» **WHAT TO WORK ON**
The output should be the listing below, limited to the lines from the one with "1983年10月29日,邓小" through the one with "- 【1980s】ビンテージ モヘアニットカーディガン", exact and without pictures.

» **INPUT DATA**
[Start of Attachment]

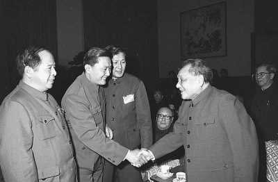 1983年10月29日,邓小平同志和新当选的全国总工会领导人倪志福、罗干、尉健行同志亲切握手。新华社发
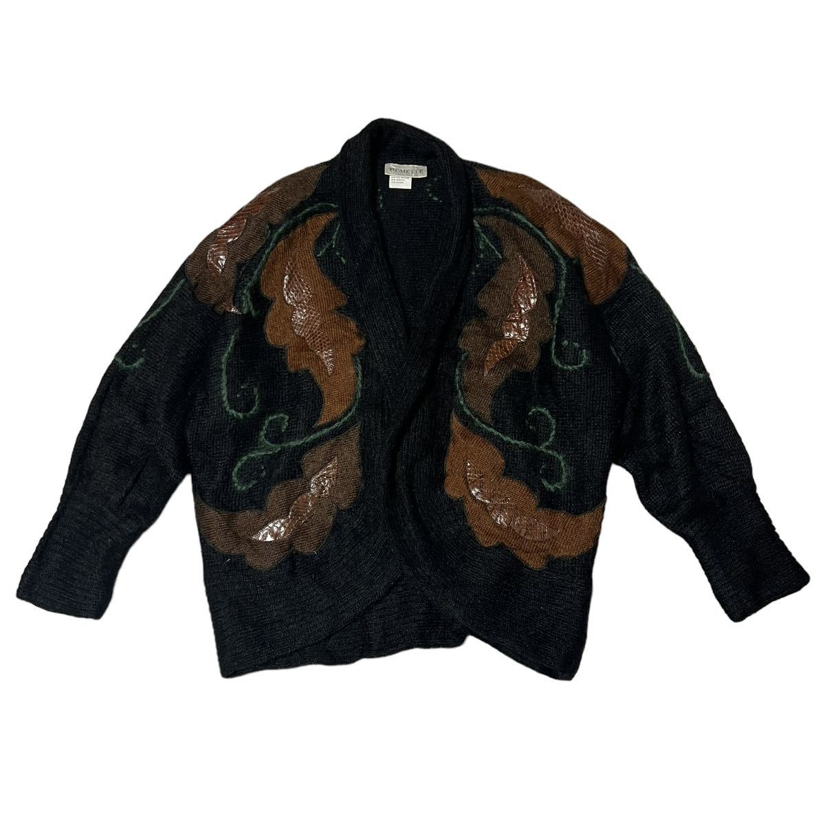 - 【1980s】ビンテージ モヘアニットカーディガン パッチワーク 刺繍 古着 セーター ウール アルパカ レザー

[End of Attachment]
[Start of Attachment]

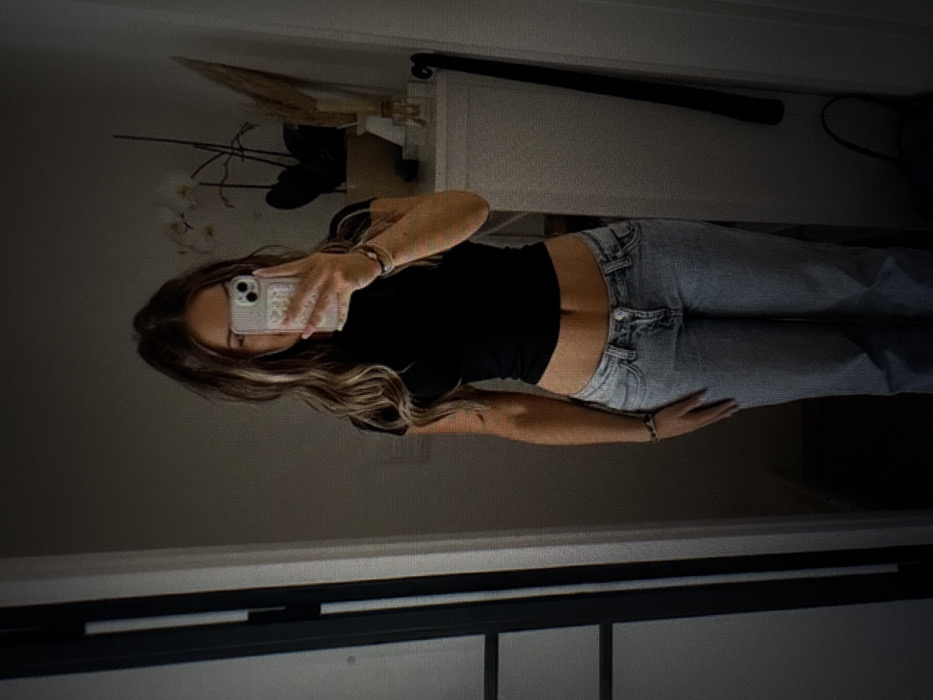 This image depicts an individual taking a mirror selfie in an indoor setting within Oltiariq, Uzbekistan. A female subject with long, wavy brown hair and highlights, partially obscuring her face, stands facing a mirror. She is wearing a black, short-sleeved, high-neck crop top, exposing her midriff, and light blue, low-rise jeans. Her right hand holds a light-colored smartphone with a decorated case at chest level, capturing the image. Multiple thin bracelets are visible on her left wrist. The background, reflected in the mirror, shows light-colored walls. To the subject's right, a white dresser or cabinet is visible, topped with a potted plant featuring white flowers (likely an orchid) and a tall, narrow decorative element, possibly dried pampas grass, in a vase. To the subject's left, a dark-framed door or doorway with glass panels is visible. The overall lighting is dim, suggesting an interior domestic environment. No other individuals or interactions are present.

[End of Attachment]
[Start of Attachment]

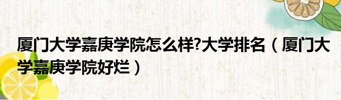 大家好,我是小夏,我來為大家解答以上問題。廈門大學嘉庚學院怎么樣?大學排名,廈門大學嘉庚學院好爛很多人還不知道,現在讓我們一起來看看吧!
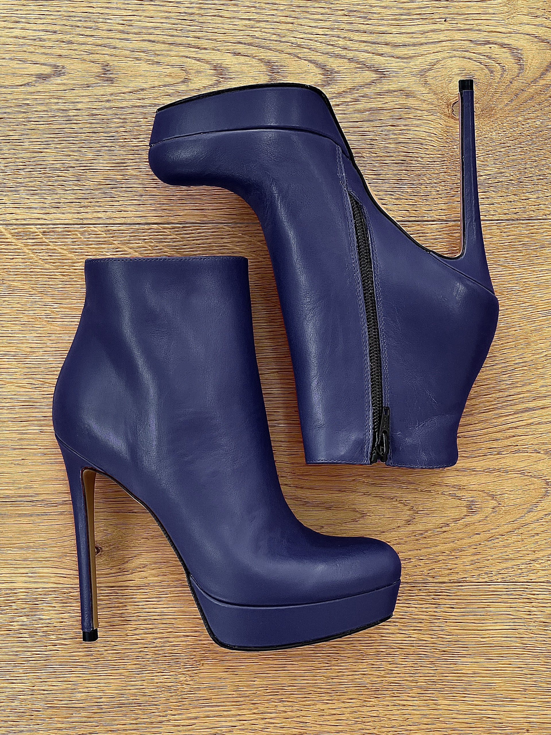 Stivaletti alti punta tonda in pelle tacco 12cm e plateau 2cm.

[End of Attachment]

» **EXERCISE ANSWER**
 1983年10月29日,邓小平同志和新当选的全国总工会领导人倪志福、罗干、尉健行同志亲切握手。新华社发
 - 【1980s】ビンテージ モヘアニットカーディガン パッチワーク 刺繍 古着 セーター ウール アルパカ レザー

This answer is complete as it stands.